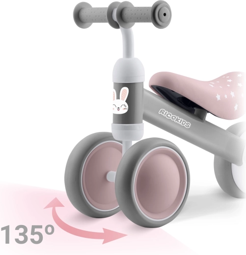 Let og stabil trehjulet Ricokids løbecykel til de mindste fra 12 måneder hjælper med at udvikle balance og koordination. Den har en holdbar stålramme, blødt skumsæde, gummigreb med stoppere og en sikker begrænset styrevinkel, der forhindrer overdrejning af styret. De kompakte mål og de brede hjul sikrer tryghed og komfort ved kørsel både inde og ude.
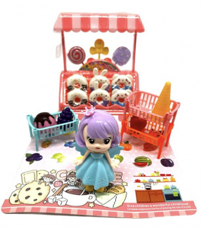 Кукла (пласт.) + ларек с конд. изделиями + аксессуары 26*23см / блистер…
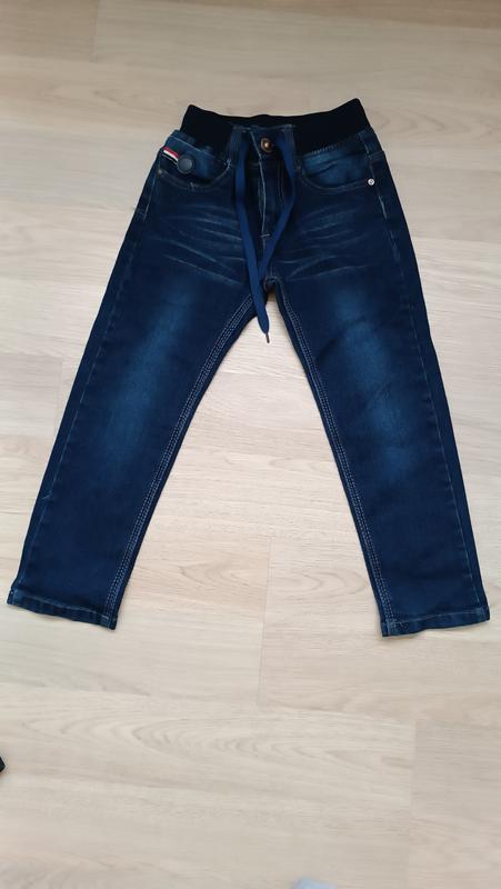 Джинсы в хорошем состоянии. На широкой резинке, хорошо тянется, дополнительно шнуровка и пуговица, застегиваются на молнию. Карманы спереди и сзади. Замеры: длина 64 см, шаг 43 см, в талии п/о 24 см.
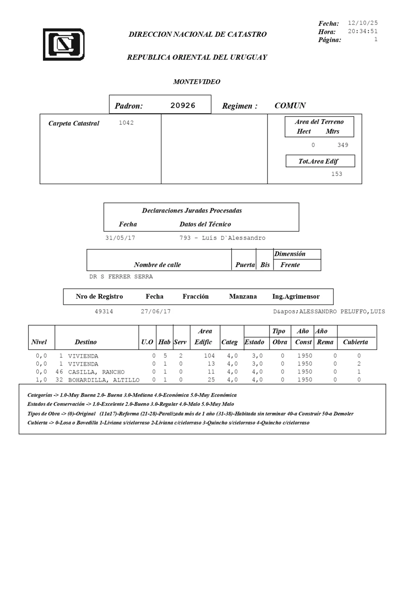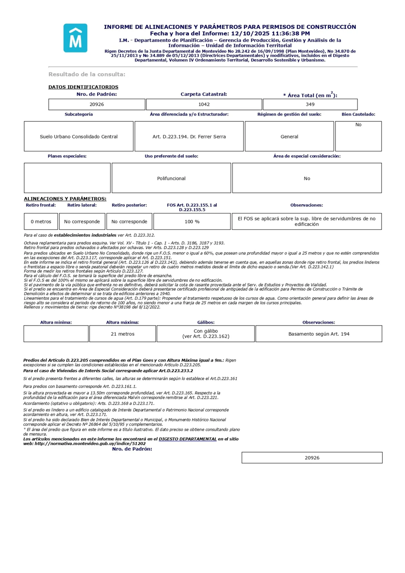 Corredor Responsable: - Contacto: Nicolás Folle Delgado Se vende padrón de 349m2 ubicado sobre Dr. Salvador Ferrer Serra. Oportunidad estratégica en Tres Cruces, una de las zonas de mayor dinamismo residencial e inversión de Montevideo. + Informe de Alineaciones del padrón: Número de padrón: 20926 Terreno: 349 m² / Construido: 153 m² FOS (Factor de ocupación del suelo): 100 % Frente: 9.52m / Profundidad: 36.83m Retiro frontal: 0 m Sin retiro lateral ni posterior Altura máxima: 21 m + opción de gálibo Oportunidad para inversores y desarrolladores: Excelente ubicación, con conectividad de transporte, servicios, comercios y gran demanda de vivienda en altura. Cada Oficina es de propiedad, gestión y desarrollo independiente La presente publicación describe las características esenciales del inmueble, debiéndose consultar al responsable de la operación por la eventual actualización de las medidas, descripciones arquitectónicas y funcionales, servicios, impuestos, precios y demás información, cuyos valores son aproximados.
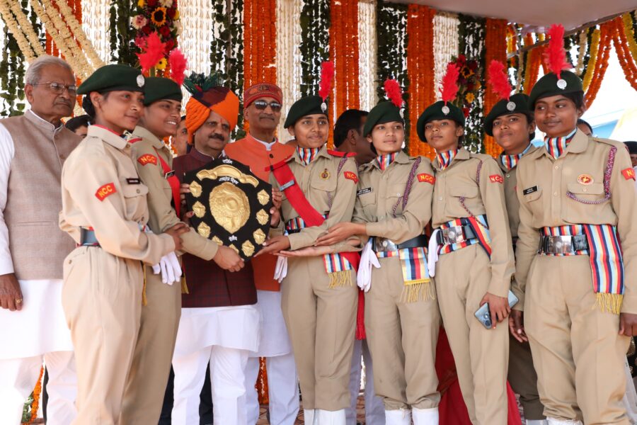 रीवा 26 जनवरी 2025. जिले भर में गणतंत्र दिवस समारोह परम्परागत हर्ष, उल्लास से मनाया गया। पूरे जिले में आन बान शान से तिरंगा लहराया। मुख्य समारोह एस.ए. एफ. मैदान रीवा में आयोजित किया गया। समारोह के मुख्य अतिथि उप मुख्यमंत्री तथा चिकित्सा शिक्षा एवं स्वास्थ्य मंत्री श्री राजेन्द्र शुक्ल ने ध्वजारोहण कर परेड की सलामी ली। इसके बाद मुख्य अतिथि ने प्रदेश की जनता के नाम मुख्यमंत्री डॉ मोहन यादव के संदेश का वाचन किया। मुख्य समारोह के साथ-साथ जिले के सभी कार्यालयों तथा शिक्षण संस्थाओं में भी ध्वजारोहण किया गया। सभी नगर पंचायतों, जनपद पंचायतों तथा ग्राम पंचायतों में समारोह पूर्वक गणतंत्र दिवस मनाया गया।
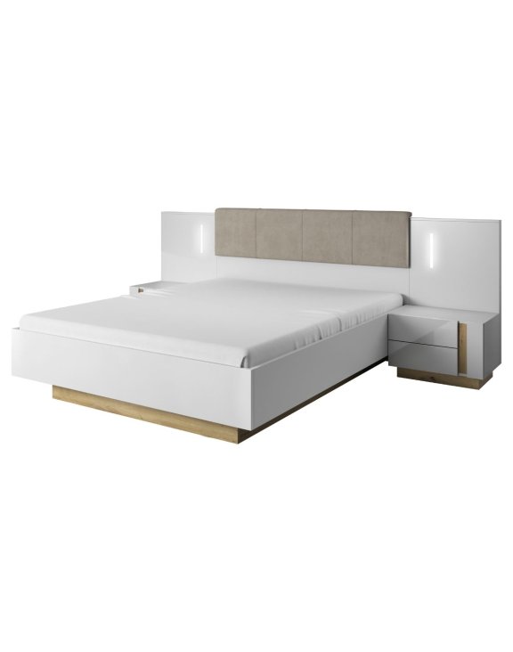 Pat cu spațiu de depozitare, noptiere și iluminare LED Arco, alb/stejar grandson (160x200 cm)
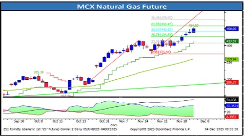 * Intraday Trading Strategy: Buy Natural Gas Dec Fut at 444.50-445.50 SL 437.80 Target 456/461.0
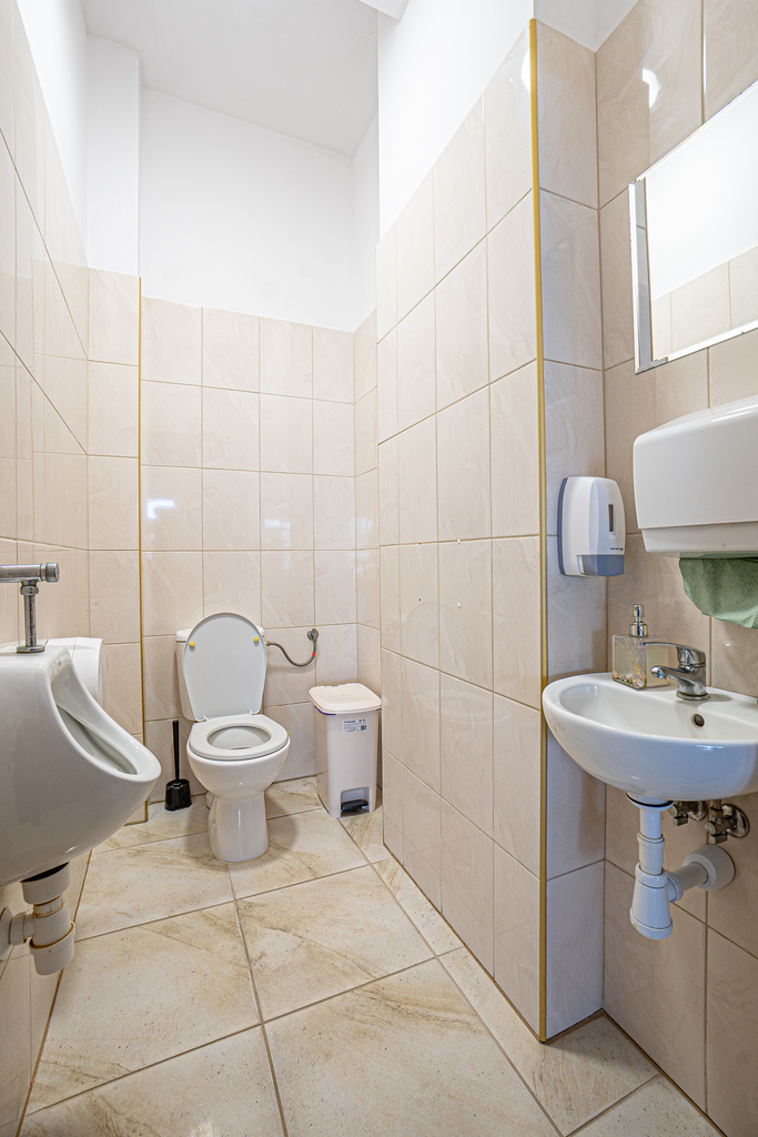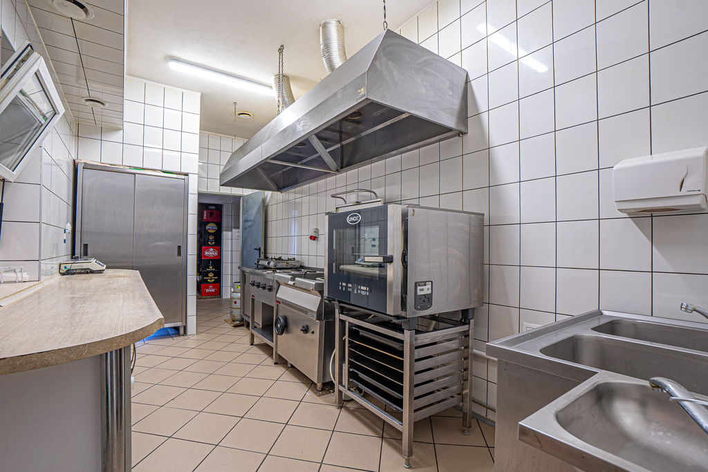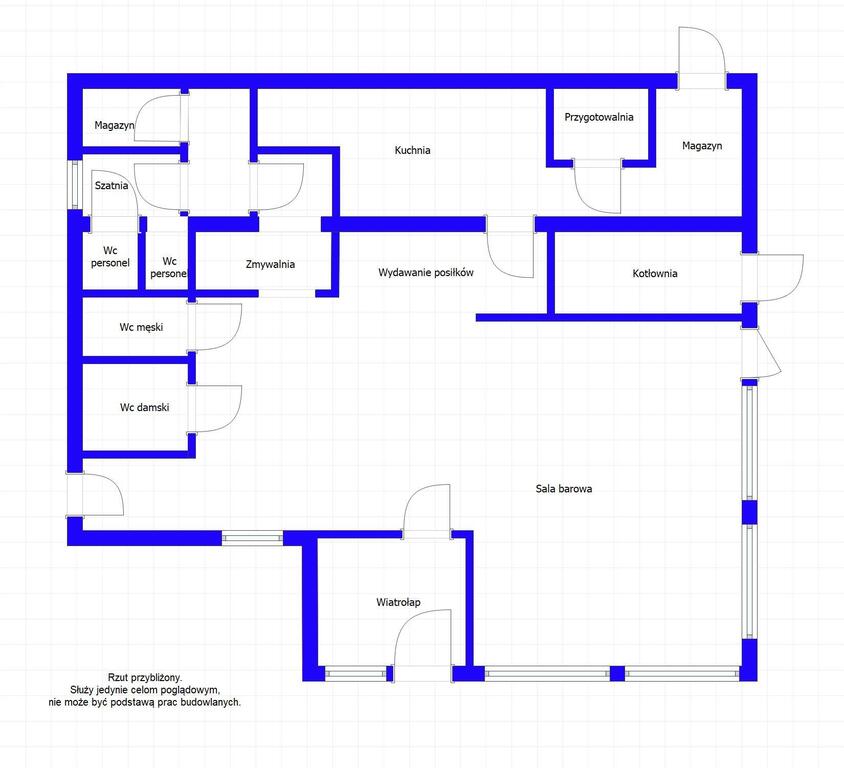 - kompletny układ funkcjonalny (kuchnia, przygotowalnia, zmywalnia, miejsce na wydawanie posiłków, magazyny, toalety i ogromna sala barowa).
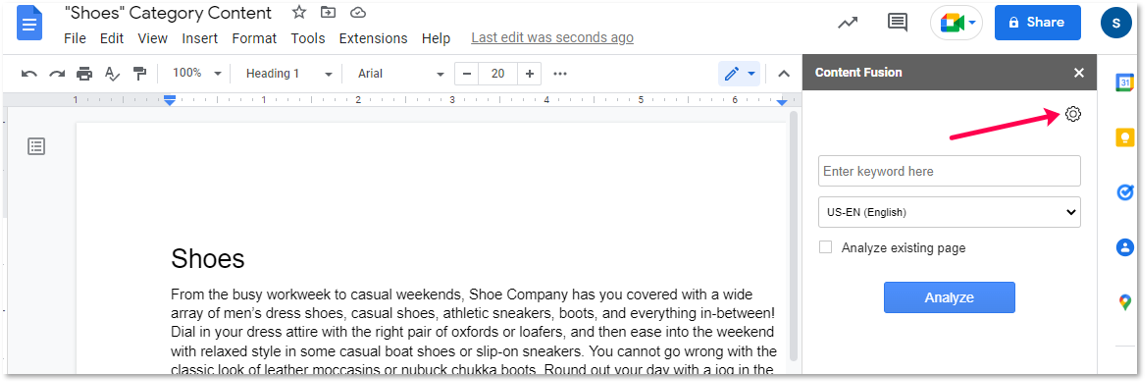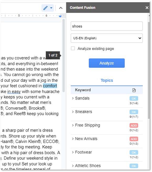 The Content Fusion extension allows writers seamless access to all the Content Fusion analysis and context from inside the Google Docs environment.
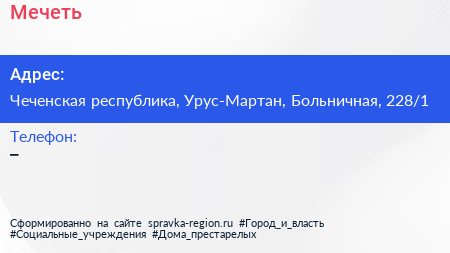 Мечеть по адресу Чеченская республика, Урус-Мартан, Больничная, 228/1 в дальнейшем Организация, размещена в следующих категориях:
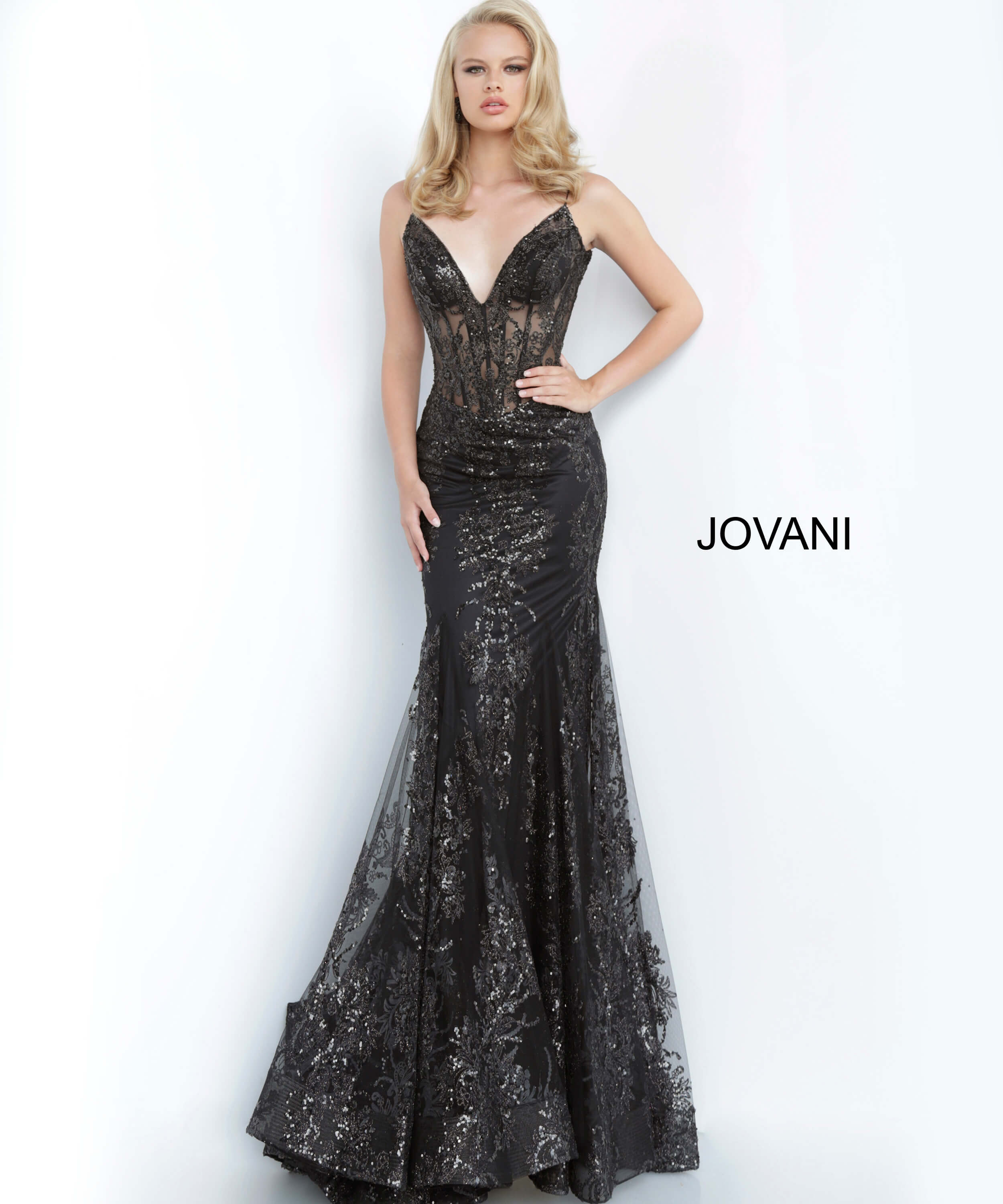 Experience the ultimate elegance and glamour with the breathtaking Jovani 3675 prom dress. Designed to make you feel like a true star on your special night, this dress features a form-fitting silhouette with a floor-length slight flare bottom and a sheer bodice with boning accentuating your curves. The plunging neckline, spaghetti straps over the shoulders, and V-back add a touch of drama, while the invisible back zipper with hook and eye closure ensures a seamless look.
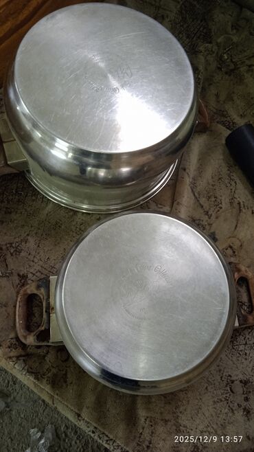 Продаю 3 кастрюли (емкости). 1)кастрюли - 2шт - 8 л - 3 000 сом/шт. 2)кастрюля - 50 л - толстостенная, дюралюминиевая - 7000 сом
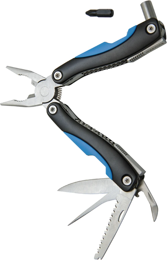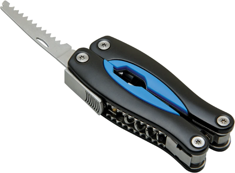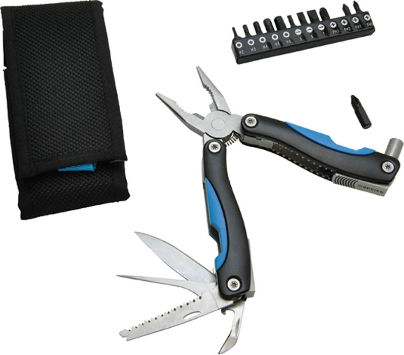 Funkce: univerzální kleště, stříhací kleště, nůž, otvírák lahví, děrovací trn, pilka, vývrtka, zaváděcí trn pro nitě, 3 velikosti imbusového klíče, 3 ploché šroubováky, 3 křížové šroubováky

§ REQUIREMENT
While skipping the pictures, transcribe the data above from the line showing "The Content Fusion extension" through the line showing "Мечеть по адресу", exactly and with both ends.

§ RESULT FOR THIS TASK
 The Content Fusion extension allows writers seamless access to all the Content Fusion analysis and context from inside the Google Docs environment.
 Мечеть по адресу Чеченская республика, Урус-Мартан, Больничная, 228/1 в дальнейшем Организация, размещена в следующих категориях:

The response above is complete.